A stretch of the entries below is to be set down exactly, running from the line with "Les cabanes effondrées" through the line with "Com base no", both included, and no other line.

**Data for this exercise**
================================
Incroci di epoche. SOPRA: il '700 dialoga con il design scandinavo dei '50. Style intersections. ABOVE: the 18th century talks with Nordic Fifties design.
================================
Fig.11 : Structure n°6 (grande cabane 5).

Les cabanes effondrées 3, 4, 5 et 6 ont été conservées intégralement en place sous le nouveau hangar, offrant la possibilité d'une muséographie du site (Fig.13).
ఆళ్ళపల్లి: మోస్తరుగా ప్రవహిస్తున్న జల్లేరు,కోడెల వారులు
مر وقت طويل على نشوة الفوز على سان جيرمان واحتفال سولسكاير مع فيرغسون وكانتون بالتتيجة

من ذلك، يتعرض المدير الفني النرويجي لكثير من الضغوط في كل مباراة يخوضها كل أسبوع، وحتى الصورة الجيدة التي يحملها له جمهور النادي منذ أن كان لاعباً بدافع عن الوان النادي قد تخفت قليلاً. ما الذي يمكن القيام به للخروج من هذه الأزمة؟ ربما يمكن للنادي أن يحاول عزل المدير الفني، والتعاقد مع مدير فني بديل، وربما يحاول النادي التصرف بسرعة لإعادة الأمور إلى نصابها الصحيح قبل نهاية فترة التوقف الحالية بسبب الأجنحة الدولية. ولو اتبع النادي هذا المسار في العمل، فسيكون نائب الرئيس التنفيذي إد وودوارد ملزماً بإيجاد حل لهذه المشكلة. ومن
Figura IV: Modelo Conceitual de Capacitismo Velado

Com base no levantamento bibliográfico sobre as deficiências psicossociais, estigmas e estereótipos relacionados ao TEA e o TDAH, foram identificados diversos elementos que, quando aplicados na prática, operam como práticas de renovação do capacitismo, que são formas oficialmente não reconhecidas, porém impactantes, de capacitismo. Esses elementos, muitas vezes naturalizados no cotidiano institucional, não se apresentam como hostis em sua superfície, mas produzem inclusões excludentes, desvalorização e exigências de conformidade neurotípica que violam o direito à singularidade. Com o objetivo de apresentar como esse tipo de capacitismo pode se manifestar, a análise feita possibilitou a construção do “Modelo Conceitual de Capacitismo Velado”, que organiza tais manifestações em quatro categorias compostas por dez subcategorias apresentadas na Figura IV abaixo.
================================
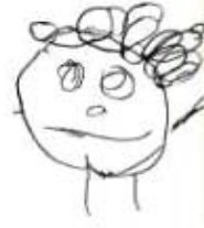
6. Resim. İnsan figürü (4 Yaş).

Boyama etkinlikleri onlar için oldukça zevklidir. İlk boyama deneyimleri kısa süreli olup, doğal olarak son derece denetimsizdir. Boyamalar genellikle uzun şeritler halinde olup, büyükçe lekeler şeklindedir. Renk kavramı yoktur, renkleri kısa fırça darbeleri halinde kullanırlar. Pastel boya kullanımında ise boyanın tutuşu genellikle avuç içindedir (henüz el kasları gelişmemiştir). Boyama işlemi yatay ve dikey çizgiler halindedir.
================================
**Solution to the problem**
Les cabanes effondrées 3, 4, 5 et 6 ont été conservées intégralement en place sous le nouveau hangar, offrant la possibilité d'une muséographie du site (Fig.13).
ఆళ్ళపల్లి: మోస్తరుగా ప్రవహిస్తున్న జల్లేరు,కోడెల వారులు
مر وقت طويل على نشوة الفوز على سان جيرمان واحتفال سولسكاير مع فيرغسون وكانتون بالتتيجة

من ذلك، يتعرض المدير الفني النرويجي لكثير من الضغوط في كل مباراة يخوضها كل أسبوع، وحتى الصورة الجيدة التي يحملها له جمهور النادي منذ أن كان لاعباً بدافع عن الوان النادي قد تخفت قليلاً. ما الذي يمكن القيام به للخروج من هذه الأزمة؟ ربما يمكن للنادي أن يحاول عزل المدير الفني، والتعاقد مع مدير فني بديل، وربما يحاول النادي التصرف بسرعة لإعادة الأمور إلى نصابها الصحيح قبل نهاية فترة التوقف الحالية بسبب الأجنحة الدولية. ولو اتبع النادي هذا المسار في العمل، فسيكون نائب الرئيس التنفيذي إد وودوارد ملزماً بإيجاد حل لهذه المشكلة. ومن
Figura IV: Modelo Conceitual de Capacitismo Velado

Com base no levantamento bibliográfico sobre as deficiências psicossociais, estigmas e estereótipos relacionados ao TEA e o TDAH, foram identificados diversos elementos que, quando aplicados na prática, operam como práticas de renovação do capacitismo, que são formas oficialmente não reconhecidas, porém impactantes, de capacitismo. Esses elementos, muitas vezes naturalizados no cotidiano institucional, não se apresentam como hostis em sua superfície, mas produzem inclusões excludentes, desvalorização e exigências de conformidade neurotípica que violam o direito à singularidade. Com o objetivo de apresentar como esse tipo de capacitismo pode se manifestar, a análise feita possibilitou a construção do “Modelo Conceitual de Capacitismo Velado”, que organiza tais manifestações em quatro categorias compostas por dez subcategorias apresentadas na Figura IV abaixo.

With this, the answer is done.